MolmoAct2-LIBERO (LeRobot)

This MolmoAct2 checkpoint is the LeRobot version of MolmoAct2-LIBERO, fine-tuned and evaluated on LIBERO tasks.

This checkpoint was fine-tuned from allenai/MolmoAct2-LIBERO for an additional 10k steps on allenai/MolmoAct2-LIBERO-Dataset with per-GPU batch size 32 on 8 H100 GPUs.

Original paper: MolmoAct2: Action Reasoning Models for Real-world Deployment
Reference implementation: https://github.com/allenai/molmoact2
LeRobot policy: lerobot.policies.molmoact2

Model Description

  • Inputs: multi-view RGB images, robot state, and language instruction
  • Outputs: continuous robot actions for LIBERO
  • Training objective: flow matching and discrete action-token losses
  • Action representation: continuous inference from the flow-matching action expert
  • Base checkpoint: allenai/MolmoAct2-LIBERO
  • Fine-tuning dataset: allenai/MolmoAct2-LIBERO-Dataset
  • Intended use: LeRobot checkpoint for LIBERO evaluation and as a starting point for fine-tuning MolmoAct2 on related robot datasets

This LeRobot checkpoint restores the policy config, model weights, preprocessor, postprocessor, and normalization statistics through policy.path.

Results

Benchmark LeRobot Implementation MolmoAct2 Original
LIBERO Spatial 98.4% 97.8%
LIBERO Object 100.0% 100.0%
LIBERO Goal 98.0% 97.8%
LIBERO 10 96.6% 93.2%
Average 98.25% 97.20%

These results use continuous action inference with per-episode seeding.

Quick Start

Installation

Install a LeRobot version that includes the MolmoAct2 policy:

pip install "lerobot[molmoact2,libero] @ git+https://github.com/huggingface/lerobot.git"

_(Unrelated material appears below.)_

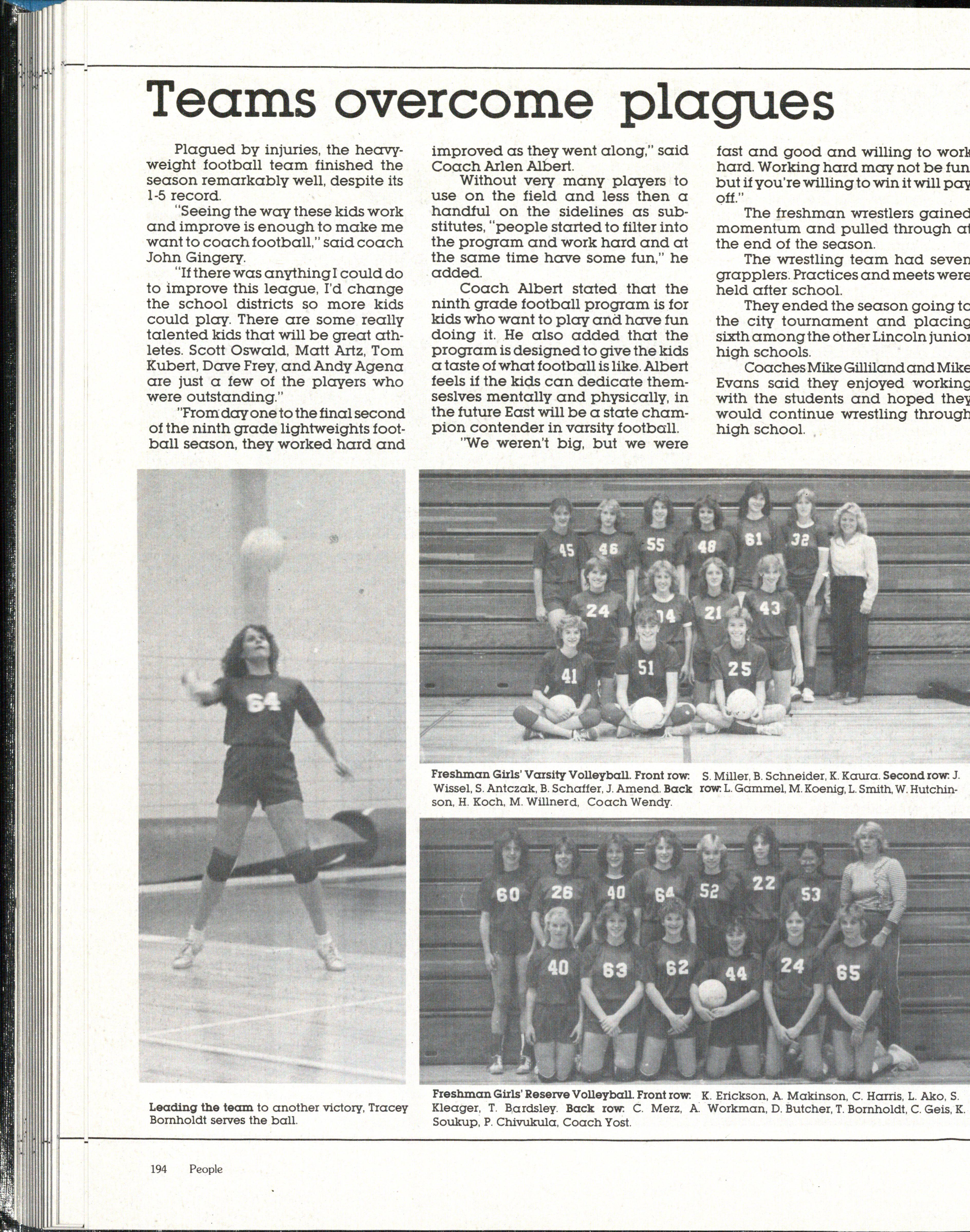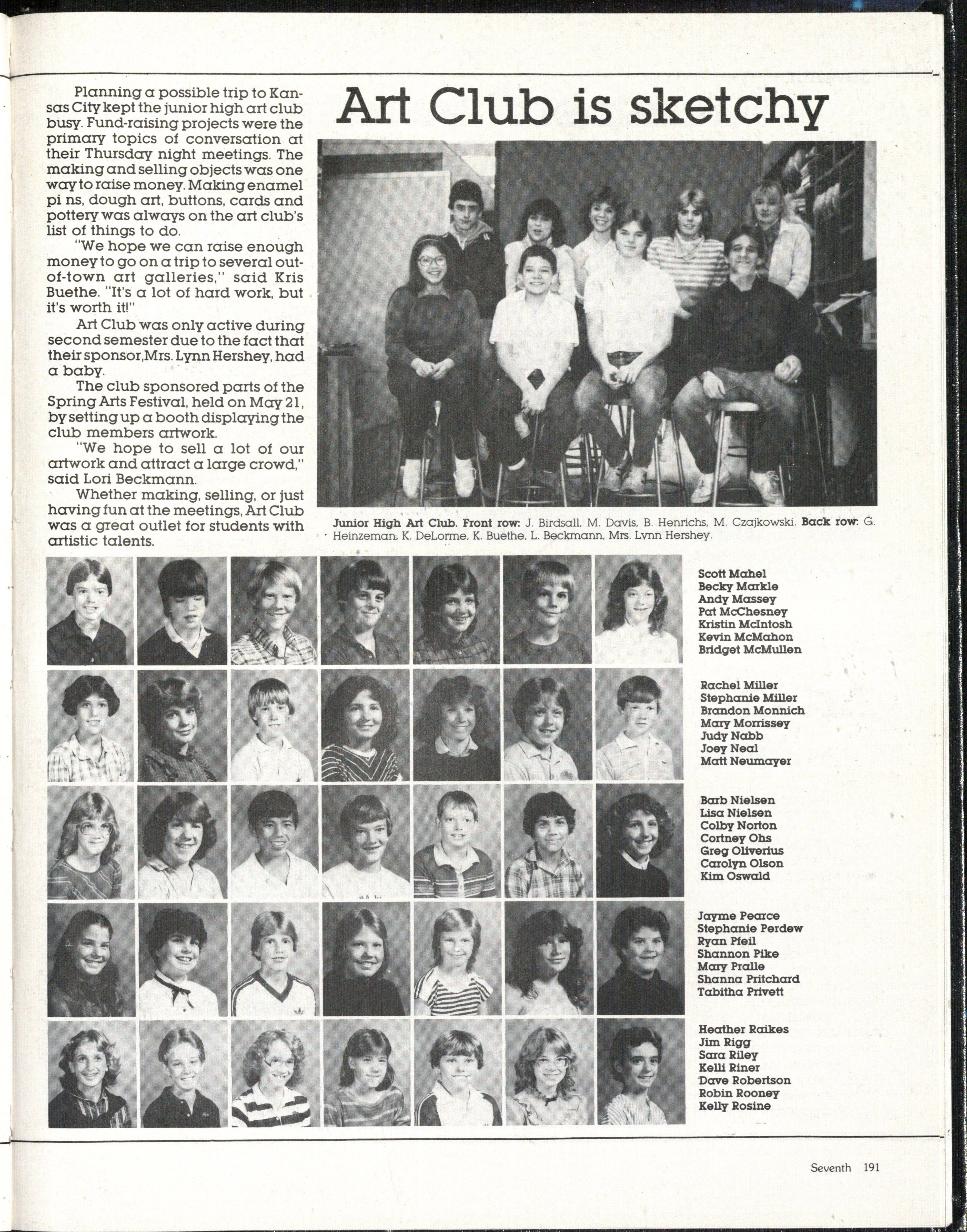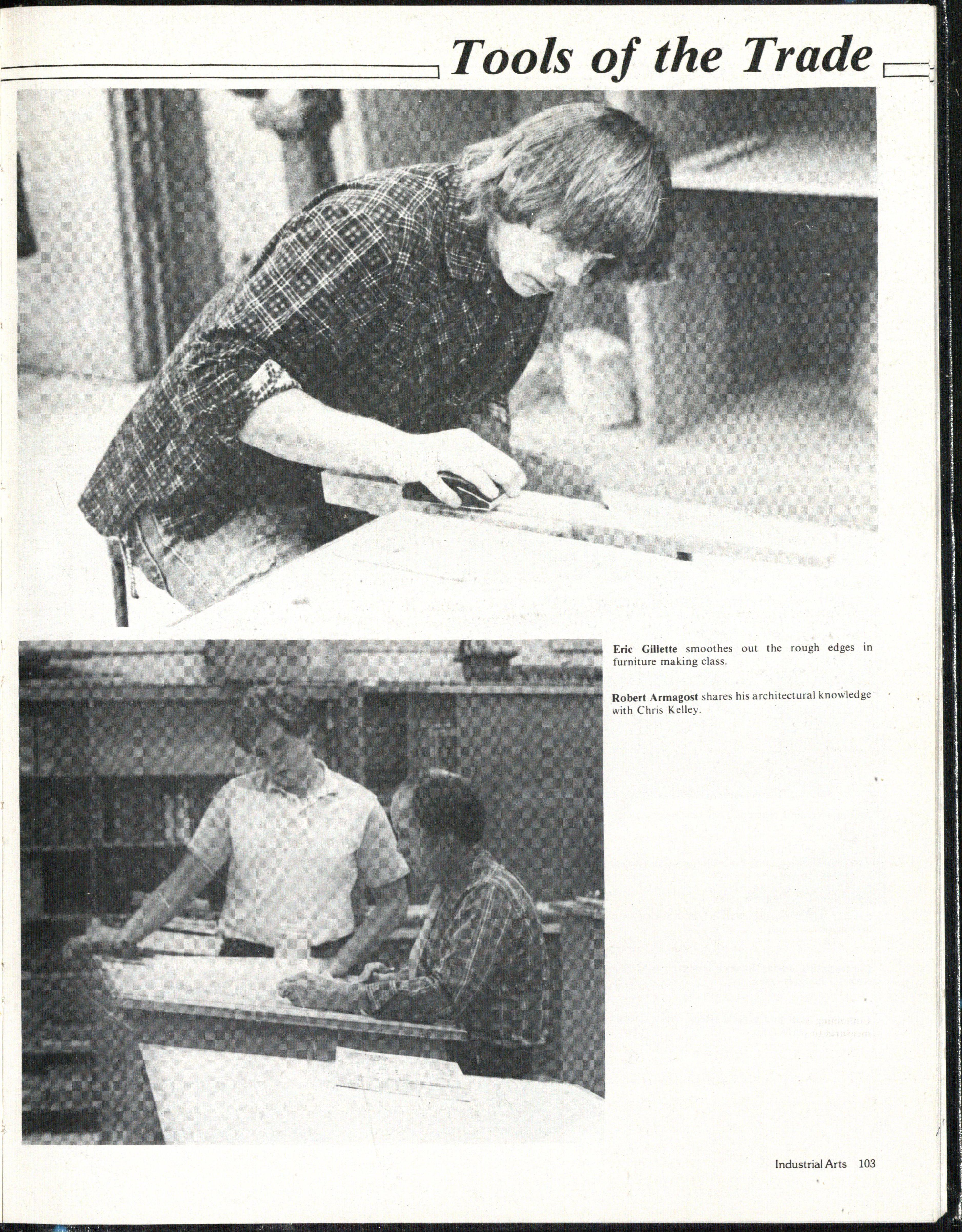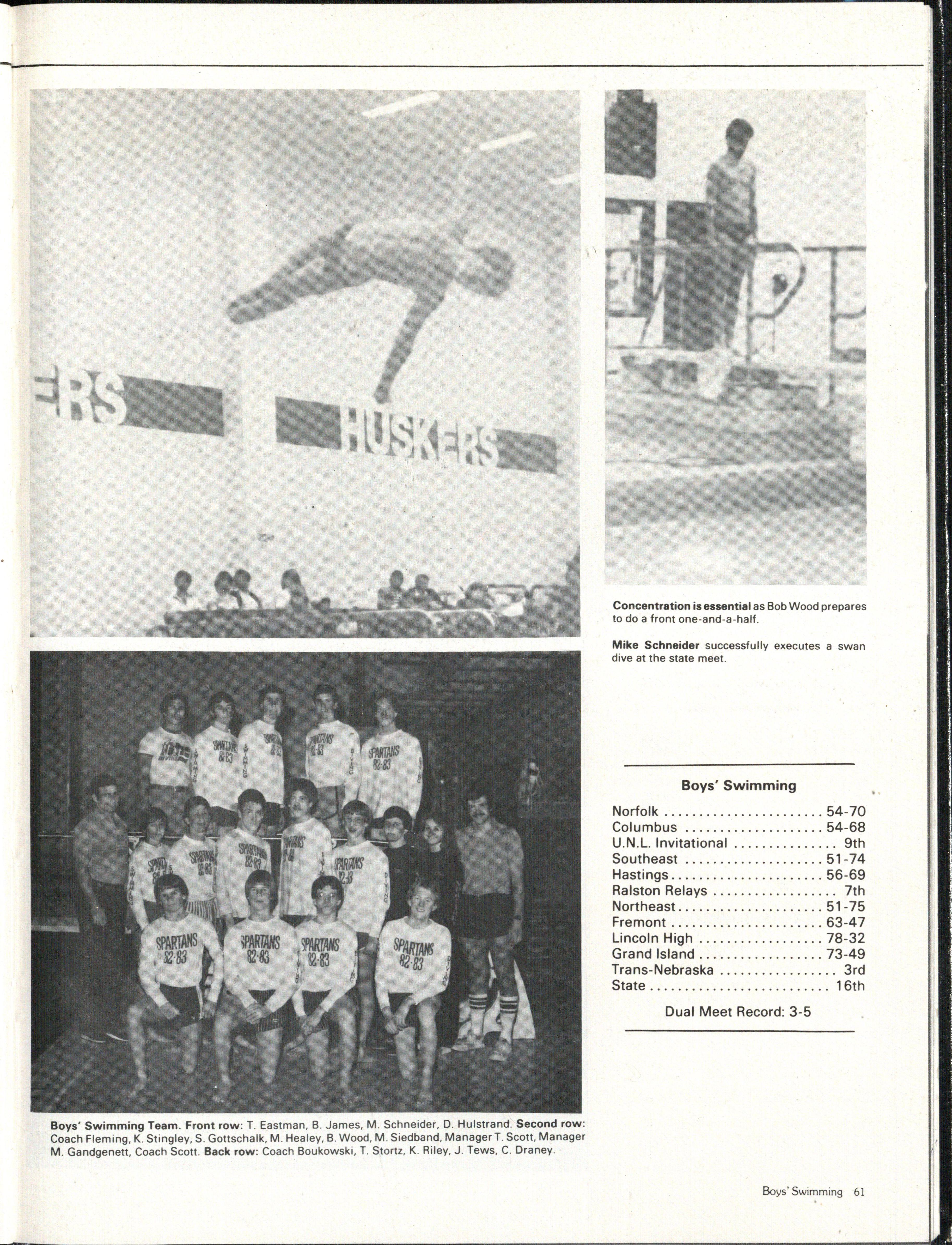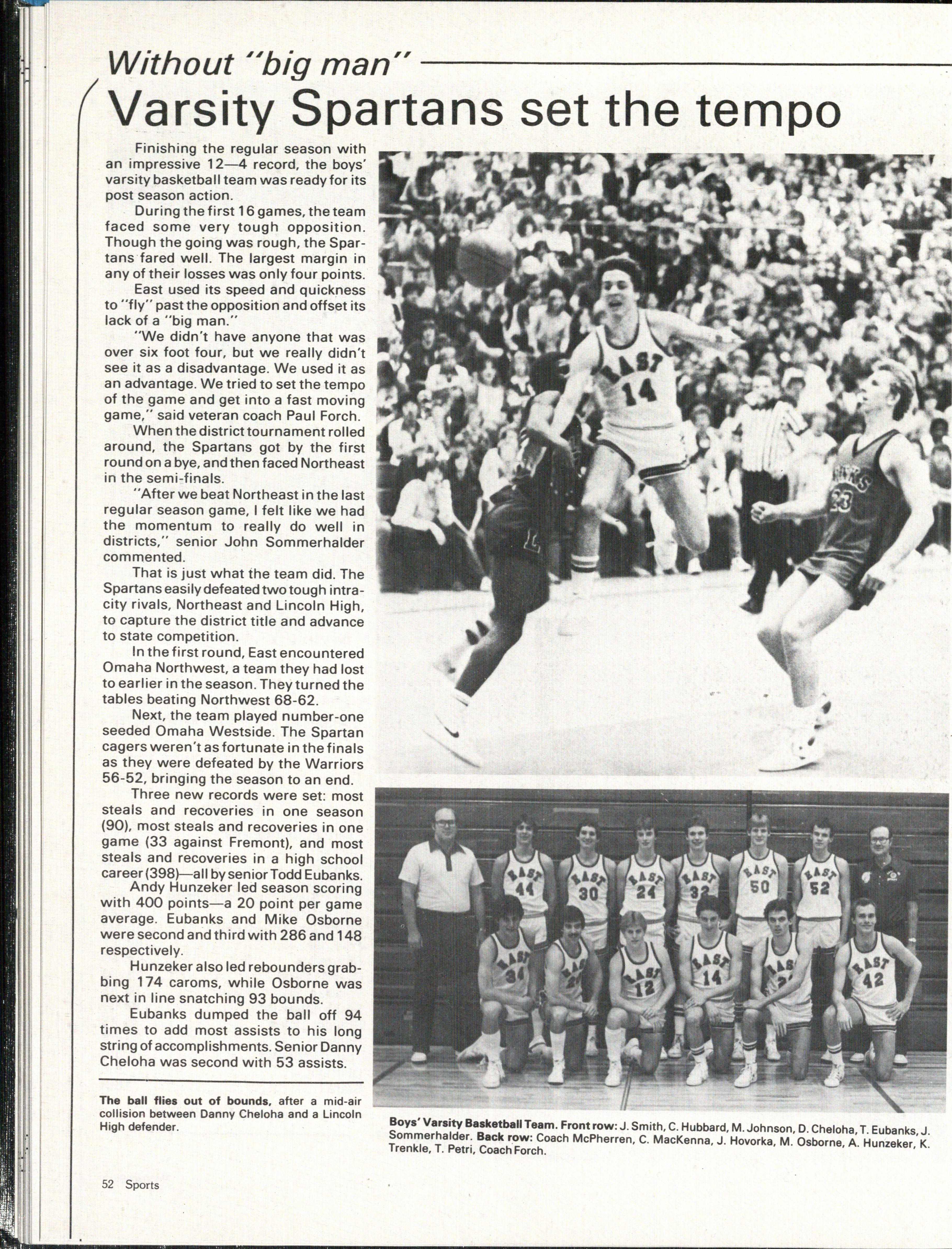 The clippings and reviews of '82-'83 reflected a successful booking. The season brought numerous state championships in sports as well as other activities. Highlights of the year included a "snow day" when school was cancelled, record highs in February which encouraged shorts, a football game played in a thunderstorm, the Punk-Funk Dance, classes held during a blackout, Johnny's Lounge (a new hang-

For full LeRobot installation details, see the official documentation: https://huggingface.co/docs/lerobot/installation

Load Model and Run select_action

import torch
from lerobot.datasets.lerobot_dataset import LeRobotDataset
from lerobot.policies.factory import make_pre_post_processors
from lerobot.policies.molmoact2 import MolmoAct2Policy

model_id = "allenai/MolmoAct2-LIBERO-LeRobot"
dataset_id = "allenai/MolmoAct2-LIBERO-Dataset"
device = torch.device("cuda" if torch.cuda.is_available() else "cpu")

policy = MolmoAct2Policy.from_pretrained(model_id).to(device).eval()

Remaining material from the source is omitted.